Pick one or two per input dimension so each test covers a unique risk.

How do I write a good “failure mode” test instead of a shallow one?

A good failure-mode test proves two things:

The function returns a clear, expected error (type/message/status).
It fails safely:

no partial state changes
no leaked internal details
no retries or side effects you didn’t intend

If there’s a database write involved, always check what happened in storage after the failure.

How do I turn an invariant into a test assertion?

Default approach: turn the invariant into an assertion on observable outcomes.

Examples:

“Total never negative” → expect(total).toBeGreaterThanOrEqual(0)
“On error, no state changes” → assert no new rows / no flags flipped
“Idempotent” → call twice and assert the second call doesn’t change state

Prefer checking both and , because many bugs hide in “returned OK but wrote the wrong thing.”

When is a happy-path test still worth writing?

It’s worth keeping a happy-path test when it protects an invariant or a critical integration.

Good reasons to keep one:

It asserts a key invariant on normal input (e.g., rounding rules)
It locks down an API contract that callers rely on
It guards against a past incident regression

Otherwise, trade it for boundary/failure tests that catch more classes of bugs.

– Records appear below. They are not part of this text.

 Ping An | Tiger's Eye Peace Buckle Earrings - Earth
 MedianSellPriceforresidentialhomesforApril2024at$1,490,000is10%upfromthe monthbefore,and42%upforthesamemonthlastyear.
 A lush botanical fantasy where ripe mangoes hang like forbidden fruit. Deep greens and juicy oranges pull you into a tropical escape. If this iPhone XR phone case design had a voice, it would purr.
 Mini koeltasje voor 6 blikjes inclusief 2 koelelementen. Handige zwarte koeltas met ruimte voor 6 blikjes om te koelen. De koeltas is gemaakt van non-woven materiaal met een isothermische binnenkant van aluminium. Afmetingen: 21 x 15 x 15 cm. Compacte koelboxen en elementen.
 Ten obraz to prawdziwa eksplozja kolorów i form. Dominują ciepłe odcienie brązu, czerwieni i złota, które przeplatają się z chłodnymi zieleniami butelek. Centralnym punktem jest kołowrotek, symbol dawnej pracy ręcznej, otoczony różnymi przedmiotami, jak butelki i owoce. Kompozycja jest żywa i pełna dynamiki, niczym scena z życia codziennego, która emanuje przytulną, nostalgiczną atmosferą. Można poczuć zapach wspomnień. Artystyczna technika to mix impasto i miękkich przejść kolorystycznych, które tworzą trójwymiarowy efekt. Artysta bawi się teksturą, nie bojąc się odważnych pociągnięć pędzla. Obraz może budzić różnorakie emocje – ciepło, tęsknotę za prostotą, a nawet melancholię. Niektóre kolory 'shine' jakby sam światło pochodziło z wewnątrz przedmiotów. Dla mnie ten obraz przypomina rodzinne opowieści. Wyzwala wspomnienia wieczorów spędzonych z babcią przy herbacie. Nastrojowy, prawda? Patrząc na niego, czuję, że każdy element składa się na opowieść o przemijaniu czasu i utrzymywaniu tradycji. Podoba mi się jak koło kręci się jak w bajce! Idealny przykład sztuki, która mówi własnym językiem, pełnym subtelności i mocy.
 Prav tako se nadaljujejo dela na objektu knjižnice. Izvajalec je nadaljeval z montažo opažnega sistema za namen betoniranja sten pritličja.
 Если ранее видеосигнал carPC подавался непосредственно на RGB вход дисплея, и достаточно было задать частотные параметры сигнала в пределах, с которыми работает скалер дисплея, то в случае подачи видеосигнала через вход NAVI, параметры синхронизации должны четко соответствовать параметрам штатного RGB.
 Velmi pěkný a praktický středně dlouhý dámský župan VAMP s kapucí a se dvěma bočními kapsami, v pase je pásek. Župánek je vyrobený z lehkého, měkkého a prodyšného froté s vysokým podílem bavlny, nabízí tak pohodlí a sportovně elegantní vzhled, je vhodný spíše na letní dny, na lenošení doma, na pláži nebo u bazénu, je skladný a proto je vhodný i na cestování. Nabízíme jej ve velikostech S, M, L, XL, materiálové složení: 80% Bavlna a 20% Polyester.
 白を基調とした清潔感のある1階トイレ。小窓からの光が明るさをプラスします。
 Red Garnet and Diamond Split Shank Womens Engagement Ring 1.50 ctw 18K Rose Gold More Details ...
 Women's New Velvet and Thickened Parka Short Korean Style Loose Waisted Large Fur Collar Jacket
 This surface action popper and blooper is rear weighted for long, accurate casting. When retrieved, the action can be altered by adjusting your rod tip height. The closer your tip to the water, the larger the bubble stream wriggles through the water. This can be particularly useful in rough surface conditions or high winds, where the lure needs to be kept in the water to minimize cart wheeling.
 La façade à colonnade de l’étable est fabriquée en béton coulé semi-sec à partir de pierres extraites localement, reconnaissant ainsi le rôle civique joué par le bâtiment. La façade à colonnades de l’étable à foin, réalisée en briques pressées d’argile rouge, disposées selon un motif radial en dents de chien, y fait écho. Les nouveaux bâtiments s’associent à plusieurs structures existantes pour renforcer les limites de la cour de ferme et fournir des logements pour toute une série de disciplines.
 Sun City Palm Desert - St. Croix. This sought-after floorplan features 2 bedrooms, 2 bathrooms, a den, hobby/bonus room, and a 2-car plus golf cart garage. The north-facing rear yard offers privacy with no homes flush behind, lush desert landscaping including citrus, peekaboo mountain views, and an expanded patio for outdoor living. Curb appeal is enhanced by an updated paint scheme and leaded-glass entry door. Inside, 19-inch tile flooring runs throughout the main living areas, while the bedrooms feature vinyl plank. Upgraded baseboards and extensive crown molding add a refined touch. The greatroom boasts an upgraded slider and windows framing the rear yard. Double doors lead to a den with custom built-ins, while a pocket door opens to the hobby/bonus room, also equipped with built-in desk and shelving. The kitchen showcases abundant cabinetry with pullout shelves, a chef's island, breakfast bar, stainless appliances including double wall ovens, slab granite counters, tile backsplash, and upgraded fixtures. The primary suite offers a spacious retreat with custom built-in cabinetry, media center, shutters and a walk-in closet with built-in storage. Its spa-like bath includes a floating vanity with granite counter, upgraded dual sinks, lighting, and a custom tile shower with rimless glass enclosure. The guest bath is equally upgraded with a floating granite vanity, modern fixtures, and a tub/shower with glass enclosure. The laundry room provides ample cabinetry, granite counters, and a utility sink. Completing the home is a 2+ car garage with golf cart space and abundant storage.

What should I ask the model to output before generating test code?

Push for PHASE 1: plan only first.

Require the model to provide:

6–10 proposed tests max
For each: intent, setup, input, expected result, why it’s high-signal
A small boundary matrix
A failure-mode list
3–5 invariants and how to assert them

Only after you approve the plan should it generate code. This prevents “20 look-alike tests” output.

How do I avoid tests that are brittle because they mock too much?

Default: mock only the boundary you don’t own (DB/network/clock), and keep everything else real.

To avoid over-mocking:

Don’t mock internal helpers just to mirror implementation
Use a real in-memory version when feasible, or a small fake with clear behavior
Mock the clock/randomness only when it affects the assertion

If a test breaks on refactor but behavior didn’t change, it’s often over-mocked or too implementation-coupled.

How can I quickly tell if an AI-generated test is low-value?

Use a simple deletion test:

If you delete the test and lose no boundary, no failure mode, and no invariant, it didn’t earn its place.

Also scan for duplicates:

If two tests would fail for the same bug, keep the one with the stronger assertion.
If assertions are just “not null” or “status 200,” strengthen them or remove the test.